If the bank has its way—and who’s to stop it?—workers will soon take acetylene torches to the 700-foot, 57-year-old building at 270 Park Avenue, razing and then replacing it with a 1,200-foot-high hyper-headquarters ample enough for 15,000 people. Union Carbide will become the tallest structure ever demolished by peaceful means, grabbing that mournful title from the 1908 Singer Building, which came down in 1968. The de Blasio administration is cheering: last year’s East Midtown upzoning was intended to produce just such behemoths. The multibillion-dollar project will throw off about $40 million to improve streets and subway stations, and rack up thousands of construction and office jobs. It’s true that Park Avenue between 47th and 48th Street is as fine a spot for a supertall tower as any in Manhattan. Given that One Vanderbilt, now under construction, is heading for 1,400 feet, the next JPMorgan Chase tower seems positively stumpy. Unfortunately, a building stands in the way of this glorious future, and this one is special.

The tower at 270 Park Avenue was designed for Union Carbide largely by Natalie Griffin de Blois, a crack designer at Skidmore, Owings & Merrill’s New York office. As the rare woman in the testosterone-dominated world of midcentury architecture, she was (and remains) overshadowed by Gordon Bunshaft, the magus of modernist architects. Her career began inauspiciously. De Blois was working for a tiny but distinguished design firm in 1944, when she rebuffed a male colleague. The man complained to the boss, who resolved the intra-office sexual tension in the usual way: by firing her. “Well, I’ll call up Mr. Skidmore,” he told de Blois. “He’s downstairs  —  see if he needs anybody.” He did, and so did Bunshaft, who came to lean heavily on her talents.

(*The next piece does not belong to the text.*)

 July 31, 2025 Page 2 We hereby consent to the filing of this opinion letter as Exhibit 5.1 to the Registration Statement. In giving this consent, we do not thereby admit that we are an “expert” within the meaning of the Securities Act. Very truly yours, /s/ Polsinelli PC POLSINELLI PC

Together, Bunshaft and de Blois helped create the look of 1960s America, the cocktail of luxe and simplicity that defined the big corporation. They amplified the power of straightforward geometries. Taut planes, gridded frames, and straight lines so beguiled architects that even today their successors haven’t shaken off the wonder of those feats. Before the 1950s, builders could hide approximations and errors with ornament or tolerant stone. De Blois and her cohort produced designs that exposed every imperfection and didn’t forgive. Architecture was as constantly visible as office workers in open-plan offices, whose paperwork, desks, and haircuts were on constant public display. Anyone inclined to see architecture as a metaphor for the stultifying control of large corporations had only to come to Park Avenue. (The obsessive clarity that de Blois embraced was deceptive, even then. Union Carbide’s clean and orderly headquarters occupied a different world from the fume-wreathed chemical plants it operated, or the dead rivers that carried off its effluent.)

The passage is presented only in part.